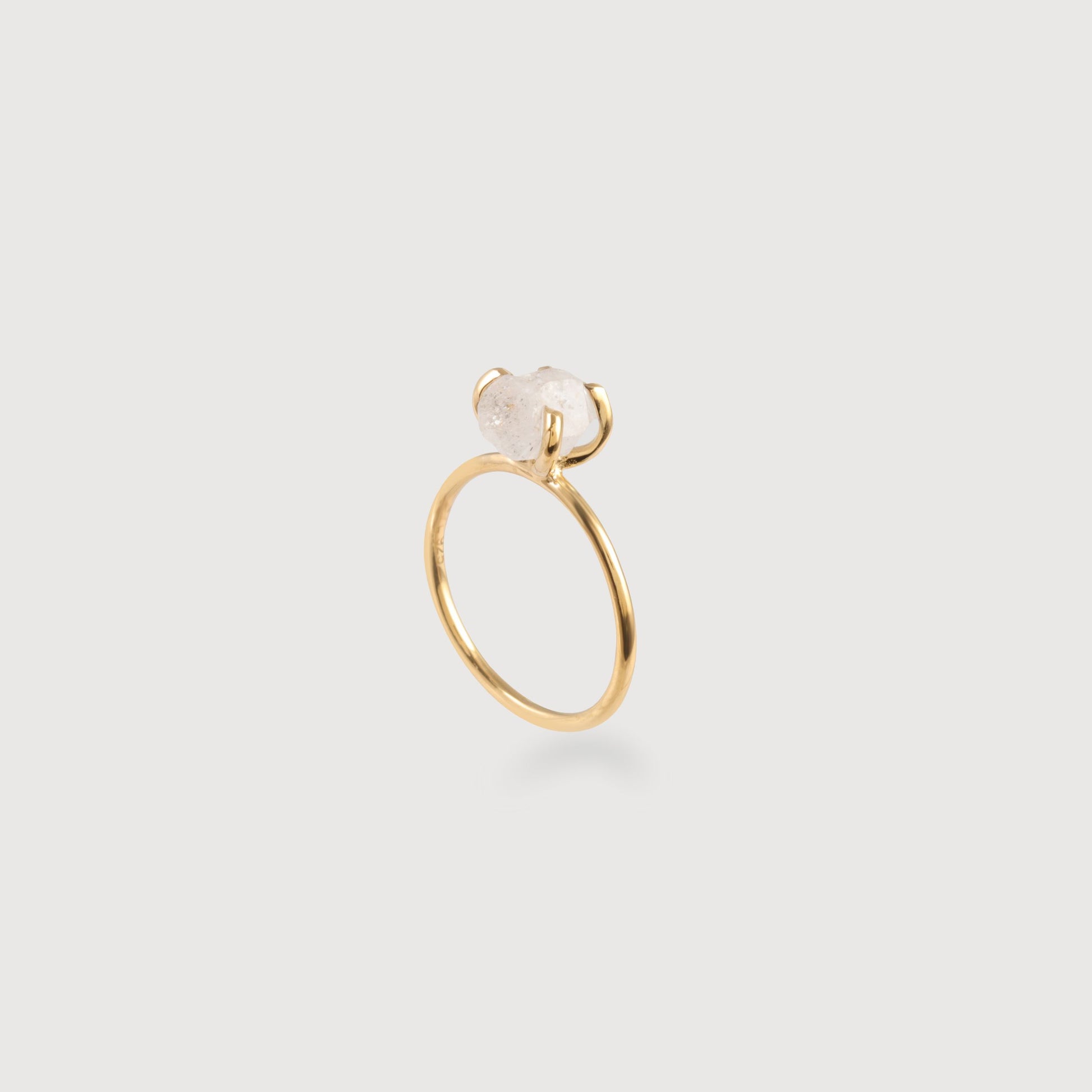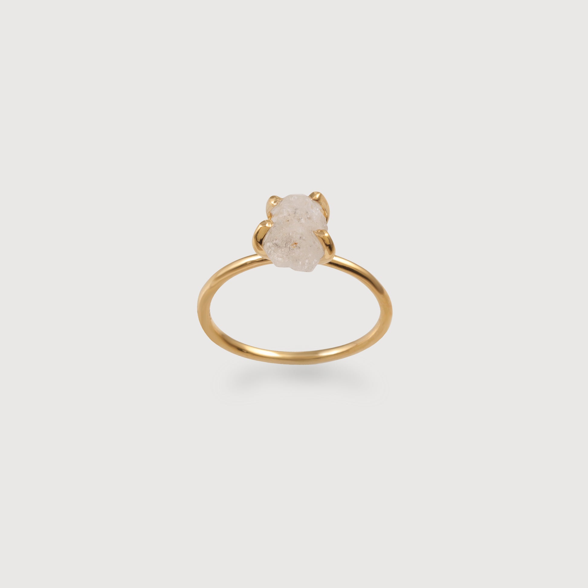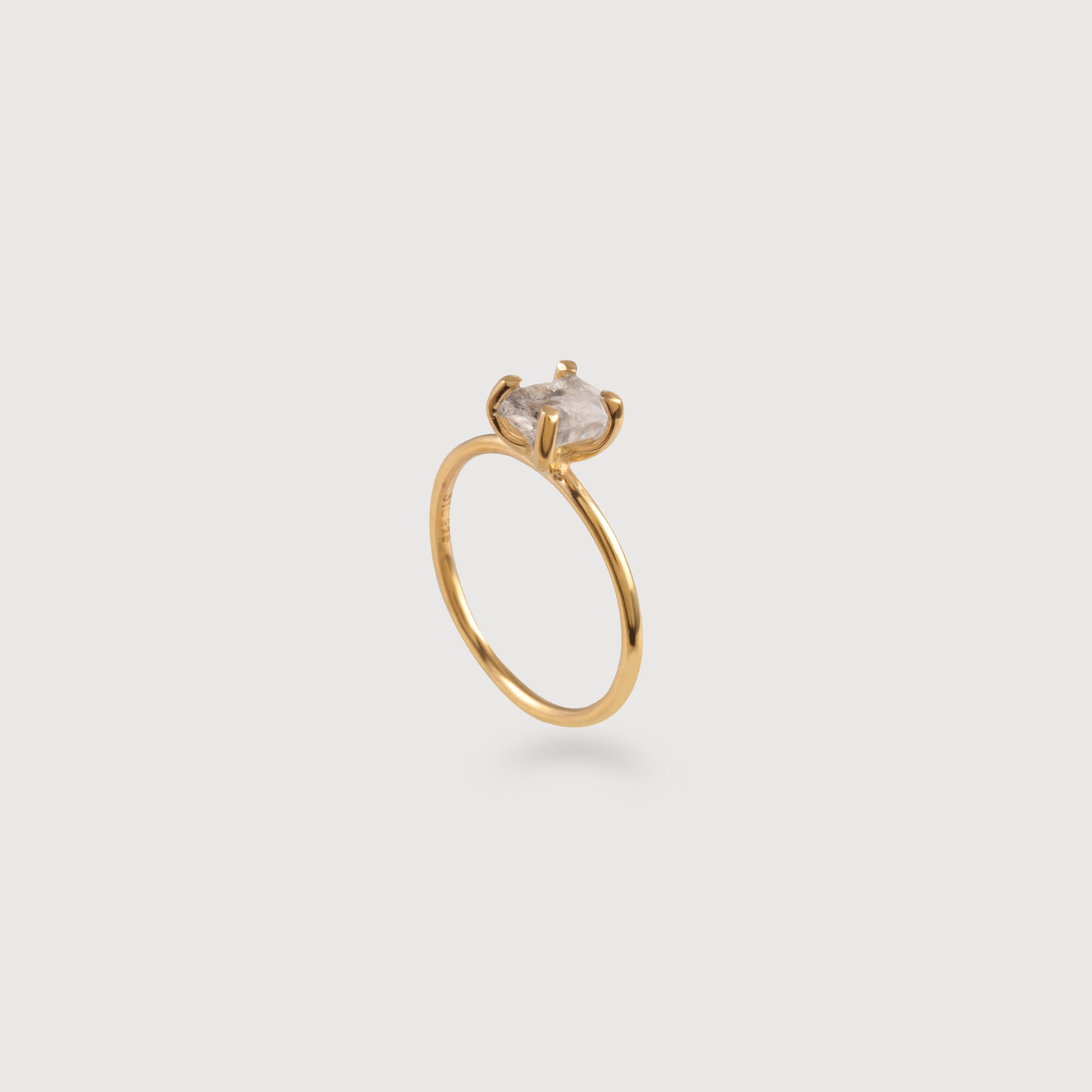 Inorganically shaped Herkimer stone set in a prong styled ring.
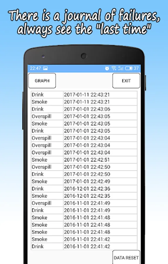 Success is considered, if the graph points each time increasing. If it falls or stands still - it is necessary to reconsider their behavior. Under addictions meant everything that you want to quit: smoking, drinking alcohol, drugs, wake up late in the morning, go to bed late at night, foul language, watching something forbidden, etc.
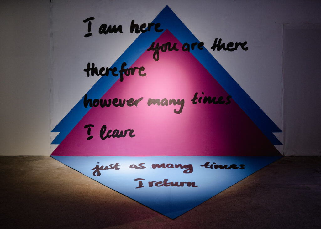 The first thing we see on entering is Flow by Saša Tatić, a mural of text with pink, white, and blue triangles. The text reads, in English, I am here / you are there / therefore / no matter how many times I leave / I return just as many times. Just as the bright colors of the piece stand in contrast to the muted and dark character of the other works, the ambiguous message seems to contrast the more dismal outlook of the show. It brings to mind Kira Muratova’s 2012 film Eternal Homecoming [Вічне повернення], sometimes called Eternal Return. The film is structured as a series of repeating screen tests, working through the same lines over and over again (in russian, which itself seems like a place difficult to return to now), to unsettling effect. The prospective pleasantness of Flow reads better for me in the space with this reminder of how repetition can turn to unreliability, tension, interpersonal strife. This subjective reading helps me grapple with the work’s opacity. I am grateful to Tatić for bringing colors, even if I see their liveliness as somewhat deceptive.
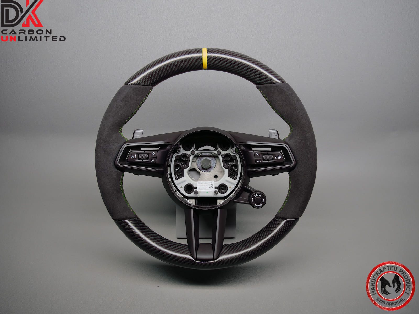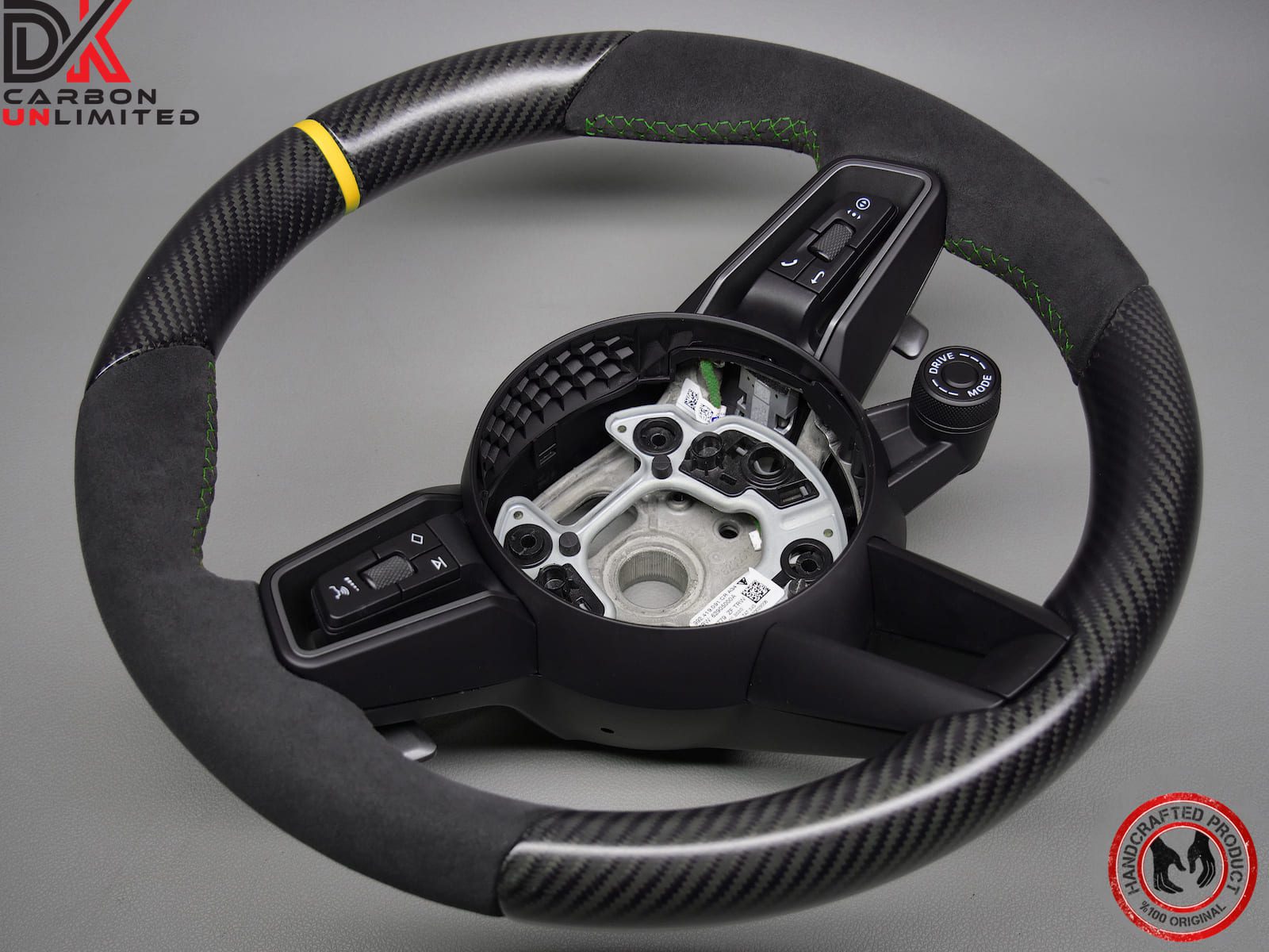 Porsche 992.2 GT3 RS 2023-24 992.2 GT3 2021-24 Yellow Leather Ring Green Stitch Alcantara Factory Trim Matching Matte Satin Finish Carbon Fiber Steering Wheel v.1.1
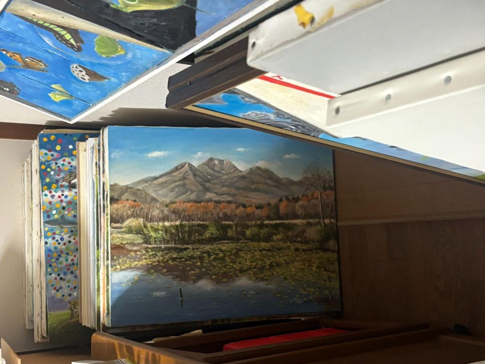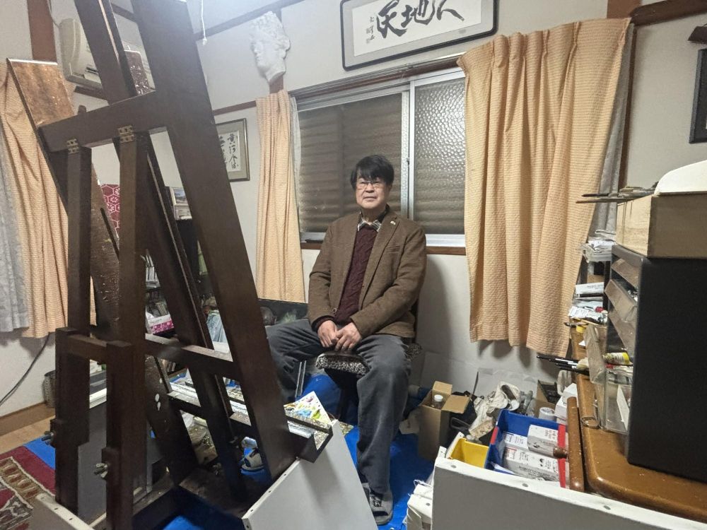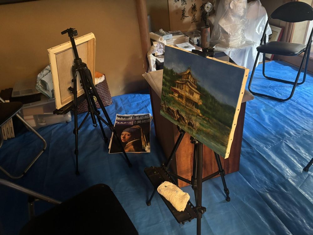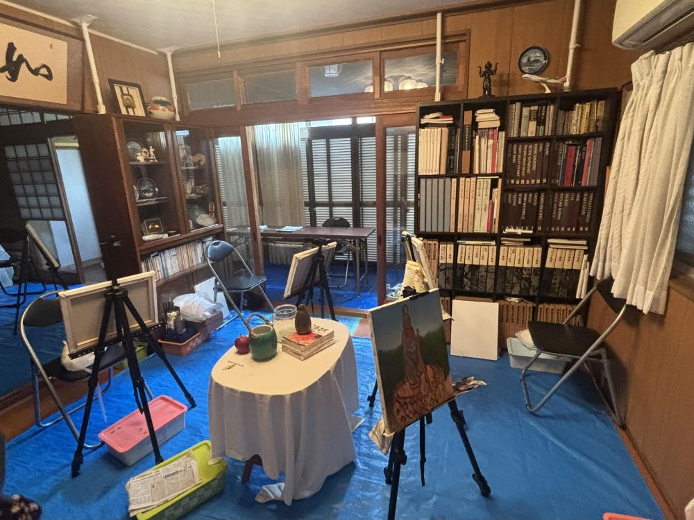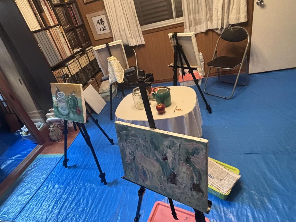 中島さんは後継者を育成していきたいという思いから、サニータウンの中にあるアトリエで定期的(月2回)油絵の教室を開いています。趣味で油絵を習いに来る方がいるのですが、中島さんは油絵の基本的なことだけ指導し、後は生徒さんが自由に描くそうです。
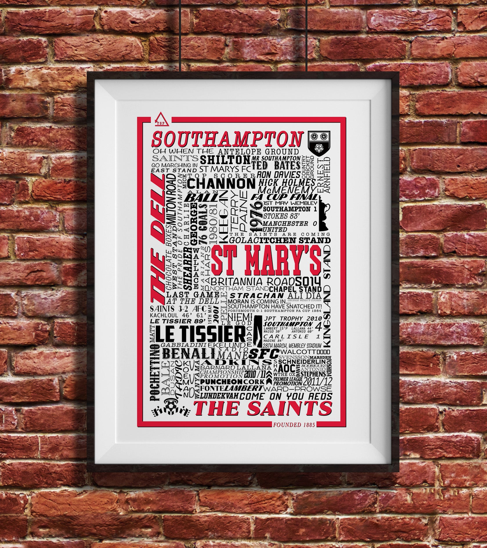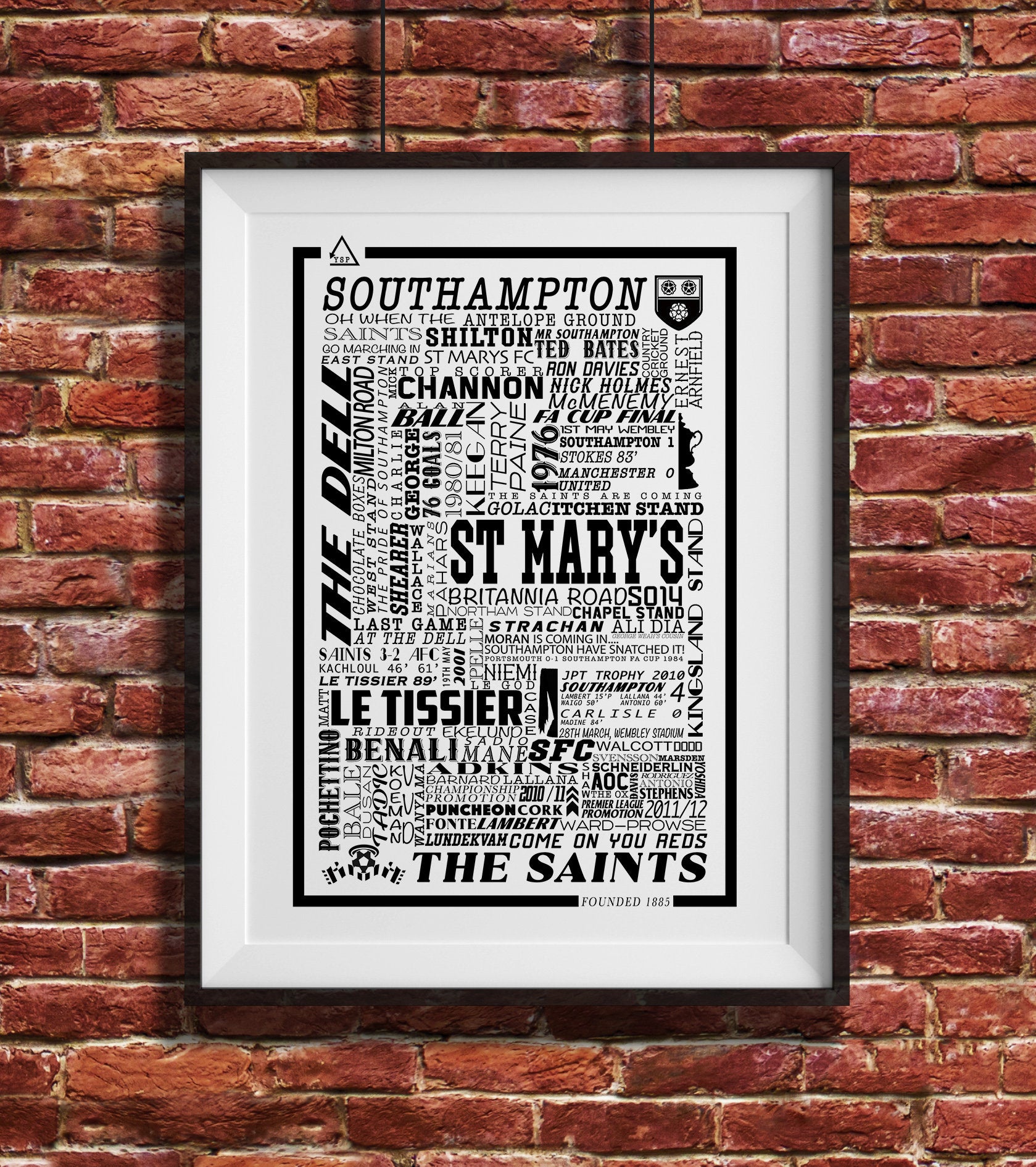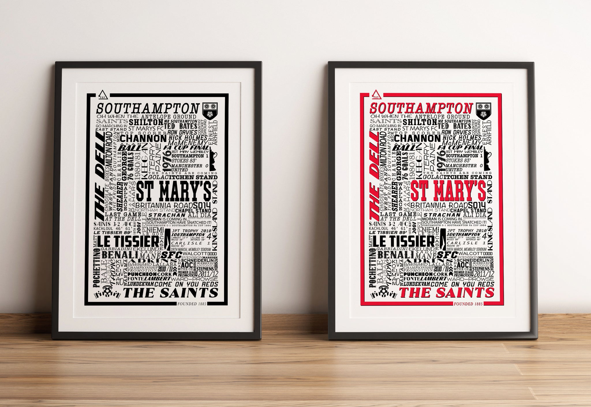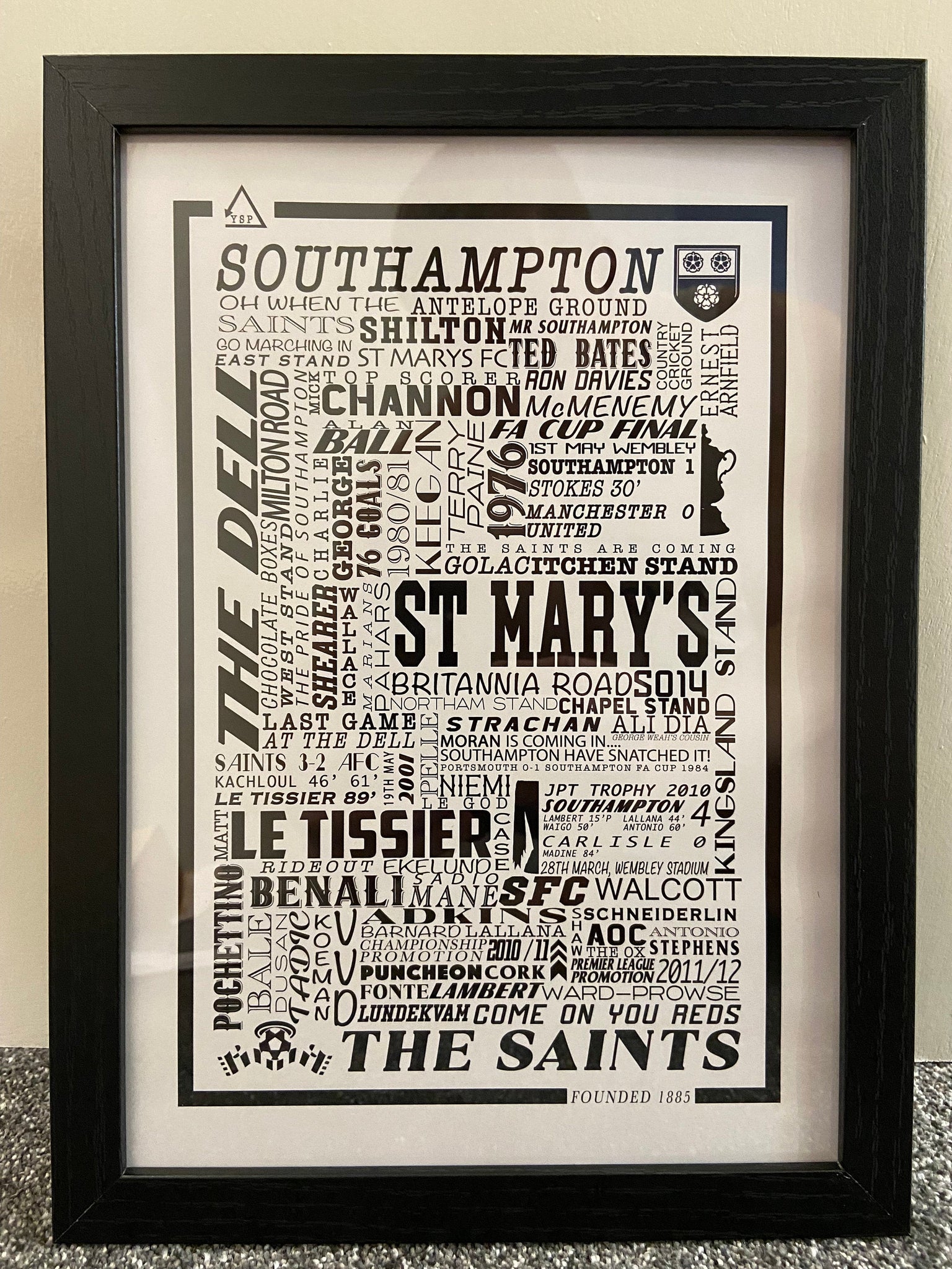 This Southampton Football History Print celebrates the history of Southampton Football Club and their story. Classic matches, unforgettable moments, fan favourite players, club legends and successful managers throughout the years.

**WHAT TO WORK ON**:
Quote everything in the listing above exactly; pictures are the only thing to omit.

**FINAL ANSWER**:
 Inorganically shaped Herkimer stone set in a prong styled ring.
 Success is considered, if the graph points each time increasing. If it falls or stands still - it is necessary to reconsider their behavior. Under addictions meant everything that you want to quit: smoking, drinking alcohol, drugs, wake up late in the morning, go to bed late at night, foul language, watching something forbidden, etc.
 The first thing we see on entering is Flow by Saša Tatić, a mural of text with pink, white, and blue triangles. The text reads, in English, I am here / you are there / therefore / no matter how many times I leave / I return just as many times. Just as the bright colors of the piece stand in contrast to the muted and dark character of the other works, the ambiguous message seems to contrast the more dismal outlook of the show. It brings to mind Kira Muratova’s 2012 film Eternal Homecoming [Вічне повернення], sometimes called Eternal Return. The film is structured as a series of repeating screen tests, working through the same lines over and over again (in russian, which itself seems like a place difficult to return to now), to unsettling effect. The prospective pleasantness of Flow reads better for me in the space with this reminder of how repetition can turn to unreliability, tension, interpersonal strife. This subjective reading helps me grapple with the work’s opacity. I am grateful to Tatić for bringing colors, even if I see their liveliness as somewhat deceptive.
 Porsche 992.2 GT3 RS 2023-24 992.2 GT3 2021-24 Yellow Leather Ring Green Stitch Alcantara Factory Trim Matching Matte Satin Finish Carbon Fiber Steering Wheel v.1.1
 中島さんは後継者を育成していきたいという思いから、サニータウンの中にあるアトリエで定期的(月2回)油絵の教室を開いています。趣味で油絵を習いに来る方がいるのですが、中島さんは油絵の基本的なことだけ指導し、後は生徒さんが自由に描くそうです。
 This Southampton Football History Print celebrates the history of Southampton Football Club and their story. Classic matches, unforgettable moments, fan favourite players, club legends and successful managers throughout the years.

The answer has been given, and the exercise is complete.